Ned. graficus, *11.12.1900 Remscheid; van Duitse afkomst. Arntz stamt uit een fabrikantenfamilie.
Hij werd op jeugdigde leeftijd geconfronteerd met stakingen en politieke acties, waarbij zijn sympathie uitging naar de arbeiders. Om die reden wees hij het opvolgen van zijn vader als directeur van het familiebedrijf van de hand en ging hij een opleiding voor tekenleraar volgen. In deze periode maakte hij kennis met het marxisme en met de strijd tussen de socialistische groeperingen onder de Weimar-republiek. Vanaf 1924 legde hij zich toe op de houtsnede en ontwikkelde hij een volkomen eigen stijl die bestaat uit sterk vereenvoudigde, sociaal of politiek getinte figuratieve voorstellingen. De door hem gecreëerde typen, zoals ‘de werkeloze’, werden haast tot symbolen. Arntz sloot zich aan bij de ‘Keulse progressieven’, een groep kunstenaars die de idealen van het radencommunisme onderschreef en zocht naar een bij de revolutie passende vormgeving.

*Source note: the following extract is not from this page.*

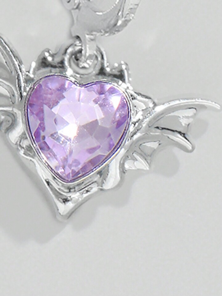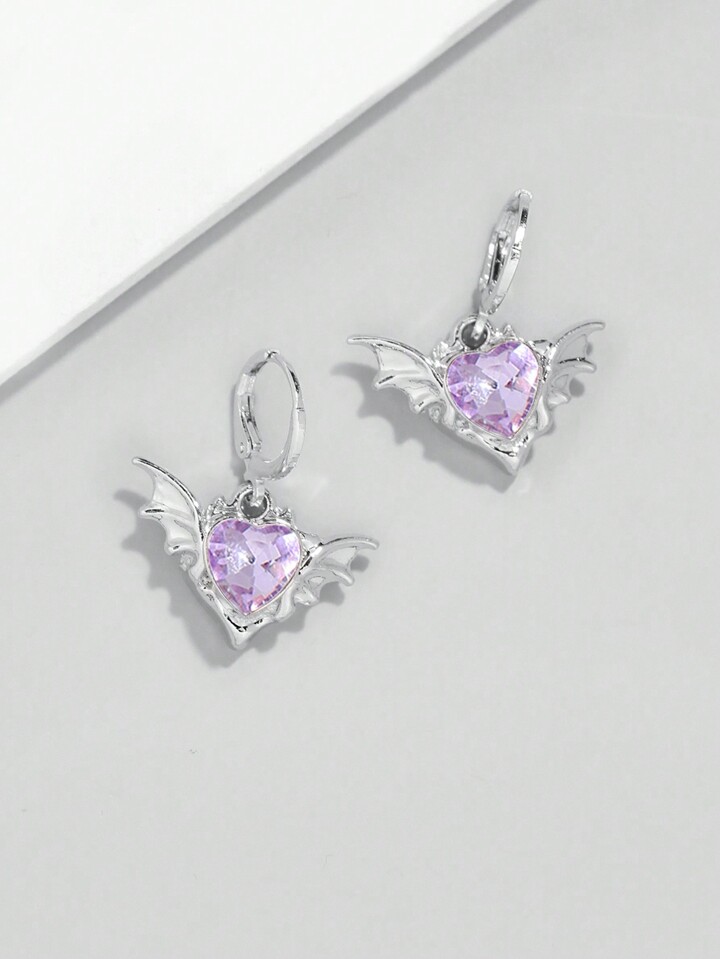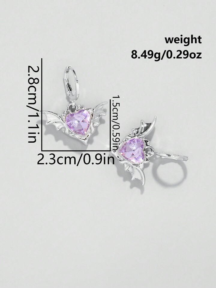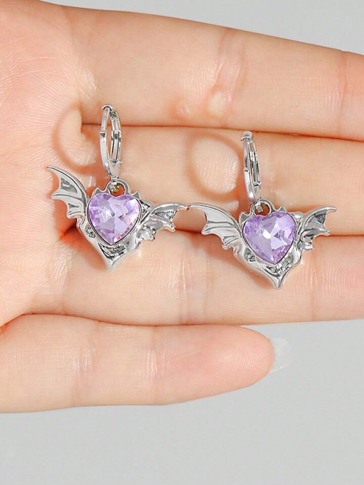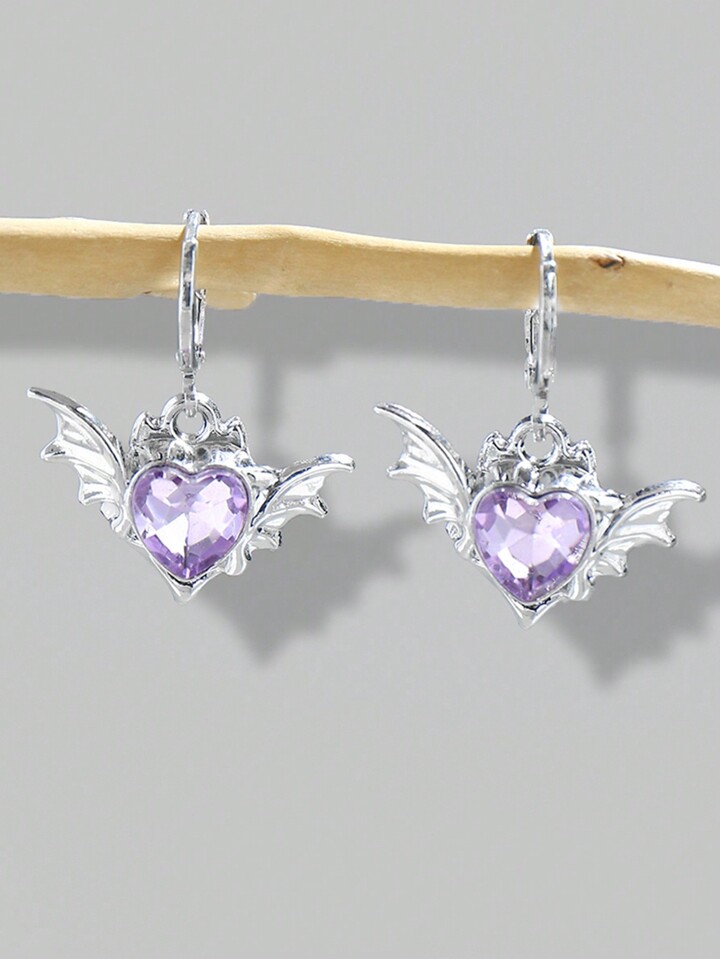 Kawaii 1pair European And American Gothic Style Valentine's Purple Devil Wings Heart Pendant Earrings Valentines,Mom,Mother,Mother's Day,Gift

Tot deze groep, die veel verwantschap vertoont met het constructivisme, behoorden o.a Heinrich Hoerle, Franz Seiwel, August Tschinkel en August Sander. Arntz was sinds 1928 werkzaam aan het Weense Gesellschaftsund Wirtschaftsmuseum, maar moest de wijk nemen voor het nationaal-socialisme. Na omzwervingen in de USSR vestigde hij zich, samen met Otto Neurath in 1936 te ’s-Gravenhage. Van 194065 was hij verbonden aan de Ned. Stichting voor Statistiek. Uitgave: Politieke prenten tussen twee oorlogen, door U.Bohnen en K.Vollemans (1973). Afb.p.44.Litt. Cat. tent. G.Arntz, Gemeentemuseum, ’s-Gravenhage (1976).